Power of test is another side of our confidence in the estimate of probability of success. Here is short introduction to the power of test: http://en.wikipedia.org/wiki/Statistical_power. In our case we are interested in the cut off number of trials we need to provide 80% confidence. To do this we use binom.power function.

ntrials=1:30
power=binom.power(p.alt=0.5,n=ntrials,p=0.99)
plot(ntrials,power,type="l",main="Power of binomial test",xlab="number of trials")
grid()

binom.power(p.alt=0.5,n=c(24,25),p=0.99)
## [1] 0.7854478 0.8615198

So to be 80% confident that we can see the difference between 0.99 (H0) and 0.5 (H1) values of probability we need at least 25 trials or even more. 24 trials are not enough to be confident at 80%. It’s very important moment for making decision about experiment. For example, if someone after 19 trials has got only 11 in success and keeps beleiving in H0|P=0.99 he deceives not only himself - he is fooling everyone with his experiment.

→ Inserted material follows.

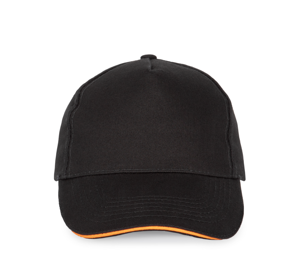 100% stark gebürstete Baumwolle. Laminierte 5-Panel-Kappe. Sandwichschirms mit kontrastfarbenem Mittelstück. Baumwoll-Schweißband. Größenverstellbar durch Metallschnalle.
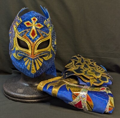 プロレスマスク プロレスコスチュームセット【ミスティコ (銀特殊×金メタフチ)】本人使用 サイン入り

binom.power(p.alt=11/19,n=19,p=0.99)
##      alpha 
## 0.08104226

Because in case of this example we got 8% confidence in the estimate of probability of success as 0.99 i.e. 92% chance to make error (error type 2) while accepting H0|P=0.99.

Bayesian statistics

There is another way to consider this problem - Bayesian statistics (http://en.wikipedia.org/wiki/Bayesian_statistics). We can use binom.bayes and binom.bayes.densityplot functions for this purpose.

binom.bayes(x = 10,n = 11)
##   method  x  n shape1 shape2  mean     lower     upper        sig
## 1  bayes 10 11   10.5    1.5 0.875 0.6947615 0.9996966 0.04999999
bs=binom.bayes(x = 10,n = 11)
binom.bayes.densityplot(bs,npoints = 500,alpha = 0.5)

Densityplot

We can use binom.bayes.densityplot to see the difference in our estimate of probability of success after 29 trials before we made a decision for additional trials.

binom.bayes(x = 23,n = 29)
##   method  x  n shape1 shape2      mean     lower     upper        sig
## 1  bayes 23 29   23.5    6.5 0.7833333 0.6369896 0.9189328 0.05000001
bs=binom.bayes(x = 23,n = 29)
binom.bayes.densityplot(bs,npoints = 500,alpha = 0.5)

Conclusions

I hope this example of binomial test with R was useful no matter what data we used. Please, dont’t deceive youself about Aegis capability: the current SM-3 Block I is considered too slow to intercept a strategic ballistic missile. The game is not over!